* _TASK DATA_:
———

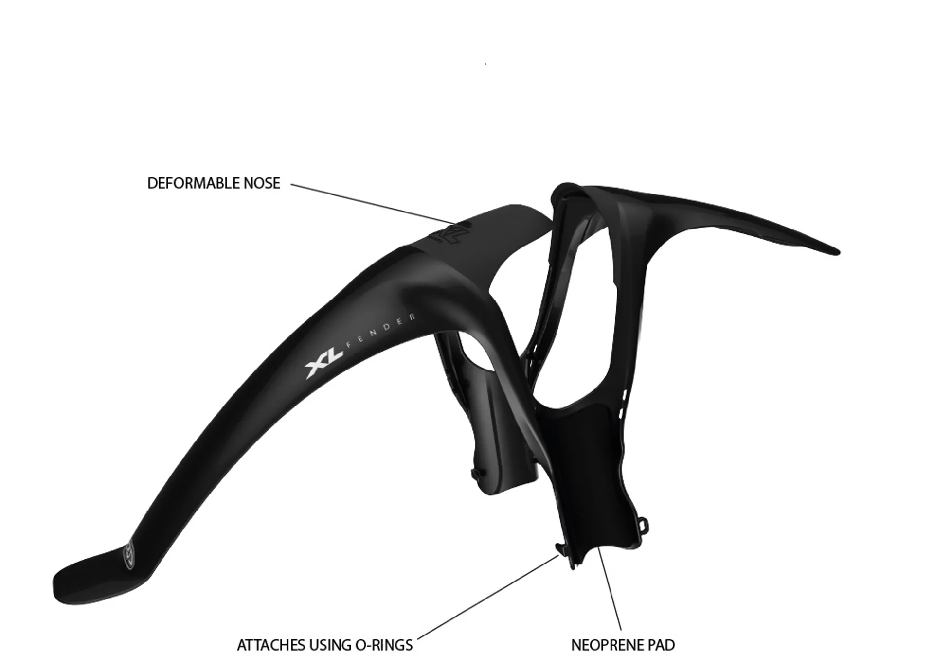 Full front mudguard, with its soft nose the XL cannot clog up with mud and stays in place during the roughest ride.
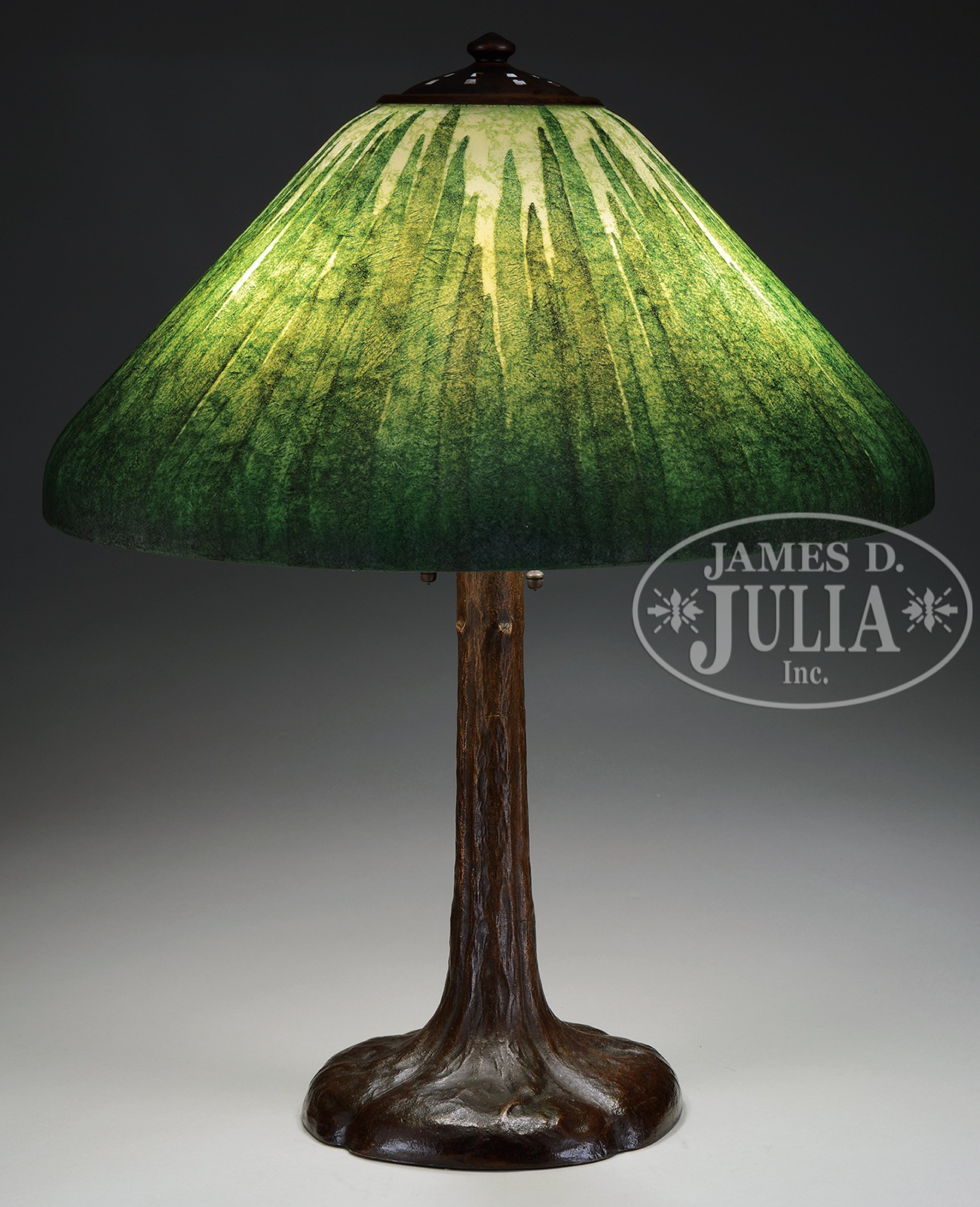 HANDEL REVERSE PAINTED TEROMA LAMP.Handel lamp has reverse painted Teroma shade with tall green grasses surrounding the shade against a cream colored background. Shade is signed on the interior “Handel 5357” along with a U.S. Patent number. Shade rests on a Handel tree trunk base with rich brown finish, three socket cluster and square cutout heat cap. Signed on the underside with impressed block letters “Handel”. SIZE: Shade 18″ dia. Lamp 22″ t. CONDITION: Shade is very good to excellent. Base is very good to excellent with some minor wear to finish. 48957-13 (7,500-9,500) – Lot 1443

———

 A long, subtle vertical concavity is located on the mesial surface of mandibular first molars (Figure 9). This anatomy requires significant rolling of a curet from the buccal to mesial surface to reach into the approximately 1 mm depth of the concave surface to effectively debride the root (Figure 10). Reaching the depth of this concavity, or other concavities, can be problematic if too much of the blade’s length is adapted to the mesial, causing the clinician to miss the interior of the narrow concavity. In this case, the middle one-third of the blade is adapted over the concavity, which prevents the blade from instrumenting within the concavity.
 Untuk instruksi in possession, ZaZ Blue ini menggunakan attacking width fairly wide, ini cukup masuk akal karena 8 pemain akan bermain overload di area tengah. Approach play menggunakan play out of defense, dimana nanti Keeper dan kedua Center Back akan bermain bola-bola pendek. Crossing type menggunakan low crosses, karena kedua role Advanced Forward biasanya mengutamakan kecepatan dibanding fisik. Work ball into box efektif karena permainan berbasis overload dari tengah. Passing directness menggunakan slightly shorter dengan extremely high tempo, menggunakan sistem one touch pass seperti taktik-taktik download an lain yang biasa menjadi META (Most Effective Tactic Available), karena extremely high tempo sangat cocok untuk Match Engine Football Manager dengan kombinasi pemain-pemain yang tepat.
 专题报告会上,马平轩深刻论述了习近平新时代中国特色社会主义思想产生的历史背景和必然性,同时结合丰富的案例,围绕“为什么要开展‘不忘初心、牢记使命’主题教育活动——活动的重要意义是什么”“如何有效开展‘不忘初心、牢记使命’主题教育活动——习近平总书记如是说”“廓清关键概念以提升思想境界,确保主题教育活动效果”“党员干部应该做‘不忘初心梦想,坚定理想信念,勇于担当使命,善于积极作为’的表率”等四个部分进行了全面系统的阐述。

———

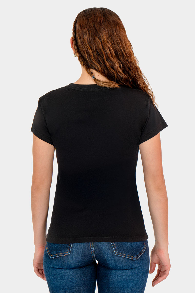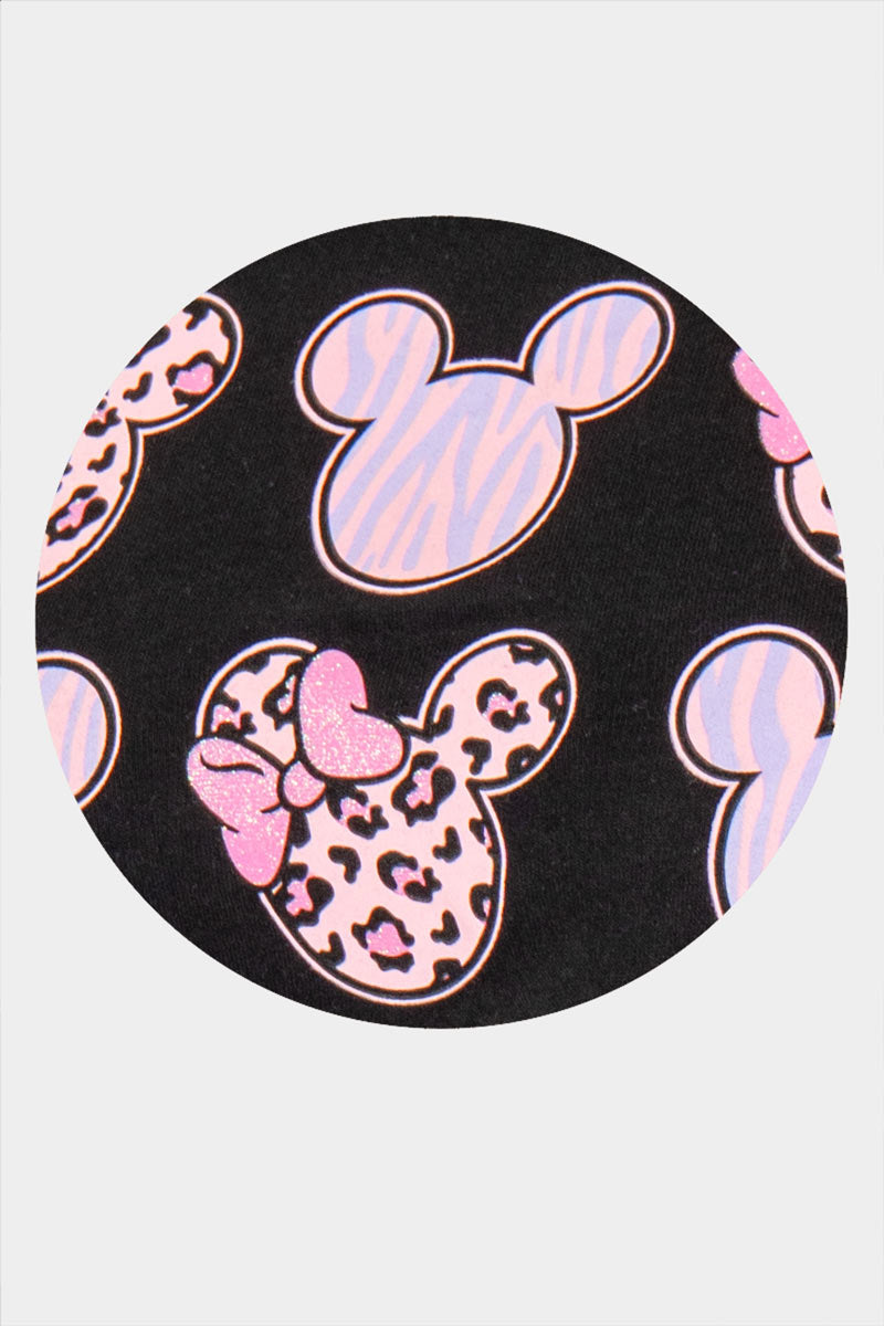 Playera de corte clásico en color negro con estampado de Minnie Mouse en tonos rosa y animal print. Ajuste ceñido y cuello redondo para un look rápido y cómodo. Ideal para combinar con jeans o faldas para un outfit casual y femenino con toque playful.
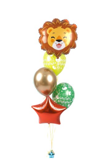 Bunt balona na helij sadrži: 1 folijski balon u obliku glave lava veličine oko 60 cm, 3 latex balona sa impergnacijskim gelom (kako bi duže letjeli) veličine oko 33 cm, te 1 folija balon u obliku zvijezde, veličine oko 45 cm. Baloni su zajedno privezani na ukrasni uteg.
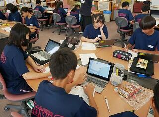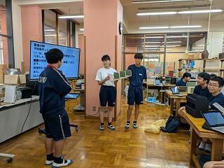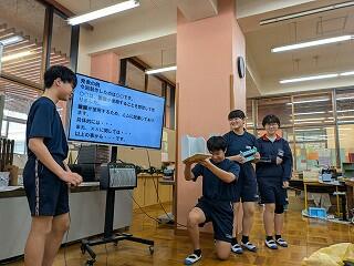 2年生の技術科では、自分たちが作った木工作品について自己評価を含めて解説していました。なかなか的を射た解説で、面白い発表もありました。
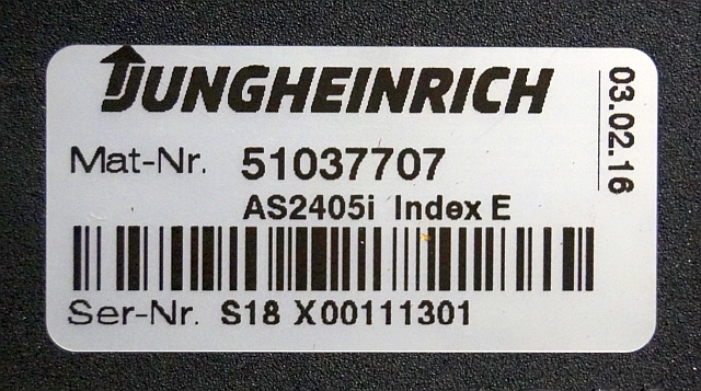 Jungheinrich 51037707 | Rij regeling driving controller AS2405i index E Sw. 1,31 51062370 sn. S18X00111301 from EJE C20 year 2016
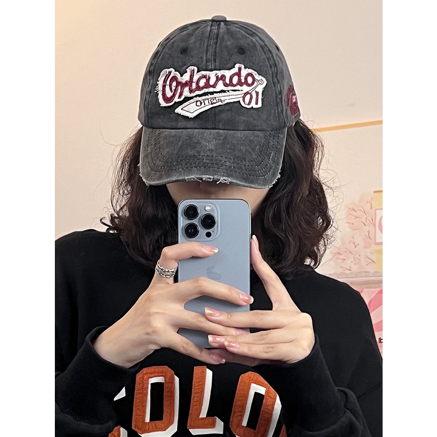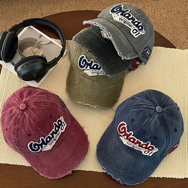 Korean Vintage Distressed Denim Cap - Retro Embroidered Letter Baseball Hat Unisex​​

———

* _WORK ORDER_:
What is asked for is an exact copy of the lines above from the one containing "Untuk instruksi in" through the one containing "专题报告会上,马平轩深刻论述", and only those.

* _SOLUTION BELOW_:
 Untuk instruksi in possession, ZaZ Blue ini menggunakan attacking width fairly wide, ini cukup masuk akal karena 8 pemain akan bermain overload di area tengah. Approach play menggunakan play out of defense, dimana nanti Keeper dan kedua Center Back akan bermain bola-bola pendek. Crossing type menggunakan low crosses, karena kedua role Advanced Forward biasanya mengutamakan kecepatan dibanding fisik. Work ball into box efektif karena permainan berbasis overload dari tengah. Passing directness menggunakan slightly shorter dengan extremely high tempo, menggunakan sistem one touch pass seperti taktik-taktik download an lain yang biasa menjadi META (Most Effective Tactic Available), karena extremely high tempo sangat cocok untuk Match Engine Football Manager dengan kombinasi pemain-pemain yang tepat.
 专题报告会上,马平轩深刻论述了习近平新时代中国特色社会主义思想产生的历史背景和必然性,同时结合丰富的案例,围绕“为什么要开展‘不忘初心、牢记使命’主题教育活动——活动的重要意义是什么”“如何有效开展‘不忘初心、牢记使命’主题教育活动——习近平总书记如是说”“廓清关键概念以提升思想境界,确保主题教育活动效果”“党员干部应该做‘不忘初心梦想,坚定理想信念,勇于担当使命,善于积极作为’的表率”等四个部分进行了全面系统的阐述。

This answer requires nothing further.